> **Description of the task**
Your answer is the line containing "Happy young loving" plus every line after it to the end of the data below, transcribed exactly and with nothing else.

┄┄┄┄┄┄┄┄┄┄

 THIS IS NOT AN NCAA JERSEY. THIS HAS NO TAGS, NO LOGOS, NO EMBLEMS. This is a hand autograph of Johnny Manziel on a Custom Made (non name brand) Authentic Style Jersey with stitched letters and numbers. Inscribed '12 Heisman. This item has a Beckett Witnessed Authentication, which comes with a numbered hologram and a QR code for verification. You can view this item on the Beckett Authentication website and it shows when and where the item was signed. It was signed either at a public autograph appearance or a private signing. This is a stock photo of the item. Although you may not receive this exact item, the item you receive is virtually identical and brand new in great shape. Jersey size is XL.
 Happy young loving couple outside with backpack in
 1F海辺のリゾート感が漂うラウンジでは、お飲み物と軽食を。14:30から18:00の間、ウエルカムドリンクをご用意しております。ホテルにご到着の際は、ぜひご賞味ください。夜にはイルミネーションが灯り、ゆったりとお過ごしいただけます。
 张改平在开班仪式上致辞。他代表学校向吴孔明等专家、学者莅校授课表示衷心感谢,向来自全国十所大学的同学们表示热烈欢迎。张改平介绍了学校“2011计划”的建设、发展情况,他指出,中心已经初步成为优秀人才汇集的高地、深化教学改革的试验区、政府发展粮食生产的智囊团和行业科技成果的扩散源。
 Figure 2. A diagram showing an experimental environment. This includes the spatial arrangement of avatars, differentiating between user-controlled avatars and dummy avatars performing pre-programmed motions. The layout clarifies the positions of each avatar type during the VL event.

┄┄┄┄┄┄┄┄┄┄

> **Final answer**
 Happy young loving couple outside with backpack in
 1F海辺のリゾート感が漂うラウンジでは、お飲み物と軽食を。14:30から18:00の間、ウエルカムドリンクをご用意しております。ホテルにご到着の際は、ぜひご賞味ください。夜にはイルミネーションが灯り、ゆったりとお過ごしいただけます。
 张改平在开班仪式上致辞。他代表学校向吴孔明等专家、学者莅校授课表示衷心感谢,向来自全国十所大学的同学们表示热烈欢迎。张改平介绍了学校“2011计划”的建设、发展情况,他指出,中心已经初步成为优秀人才汇集的高地、深化教学改革的试验区、政府发展粮食生产的智囊团和行业科技成果的扩散源。
 Figure 2. A diagram showing an experimental environment. This includes the spatial arrangement of avatars, differentiating between user-controlled avatars and dummy avatars performing pre-programmed motions. The layout clarifies the positions of each avatar type during the VL event.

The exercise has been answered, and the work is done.